Une scène m’a paru un peu isolée, et tenir son unité, dans cet enchevêtrement : un couple revient à la maternité dire que l’enfant qu’on leur a donné ne leur convient pas, qu’il n’est pas conforme à leur rêve, qu’il n’est sans doute pas le leur, dans un commun accord et un commun ressenti qui n’est jamais exprimé en ces temps où tout est déclaré violent et problématique dans les relations entre les femmes et les hommes. Cela montrait quelque chose comme l’universalité de la position de client qui est la nôtre presque partout et tout le temps. Cette position est maintenant tellement intégrée qu’elle est une identité, y compris pour celles et ceux qui s’horrifient par ailleurs de la marchandisation du monde et ne se voient pas dans toute sorte de moments où ils prennent cette posture autoritaire du client !

Certaines scènes sont baroques : une sorte d’adoration d’une urne funéraire, avec un des personnages qui renverse son attitude brusquement. Les correspondances flottantes entre des scènes tissent une toile de l’incertitude, métaphore, m’a-t-il semblé, de l’incertitude de nos visions, positions, justifications… de l’incertitude de la périlleuse interprétation de nos vies.

A la fin, tous ses personnages épongent la pluie qui pénètre la maison dans laquelle ils sont. Ils s’y mettent tous. Nous sommes plein de failles et de béances, le monde extérieur nous investit de sa puissance, contrecarre notre volonté de nous mettre à l’abri.

Une place particulière est le premier spectacle du collectif « Les apaches » et la première pièce d’Olivier Augrond. Tous les acteurs sont excellents et leur jeu homogène. On voit l’équipe à l’œuvre. Le collectif et son auteur-metteur en scène mettent au centre du travail théâtral « l’élan intérieur », « l’imaginaire de l’acteur ». Une méthode d’une telle rigueur, portée par une telle recherche des profondeurs a besoin de temps pour exprimer pleinement. Le bâti permanent et incertain de l’objet du conflit montré sur scène est une singularité déconcertante de ce spectacle mais qui éloigne plutôt, les situations et les personnages n’étant au niveau de cette étrangeté.

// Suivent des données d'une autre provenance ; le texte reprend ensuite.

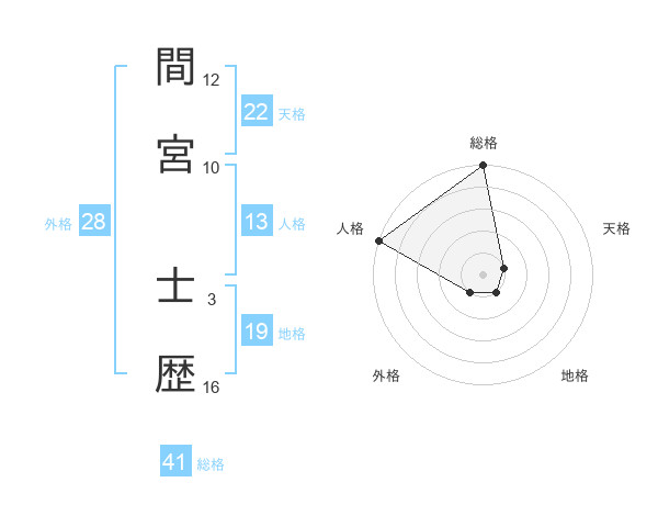 間宮 士歴さんの総格は41画の5点!

Olivier Augrond nous dit : « En laissant de côté pour un temps le texte, j’invite l’acteur à inventer ses propres processus, à explorer les chemins qui le conduiront vers son foyer le plus secret. Grâce aux outils que sont le monologue intérieur, les interviews et les esquisses de personnages, l’acteur explore des territoires cachés, enfouis, disparates, insoupçonnés ». On ne peut que souhaiter une longue vie à ce collectif « Les apaches ».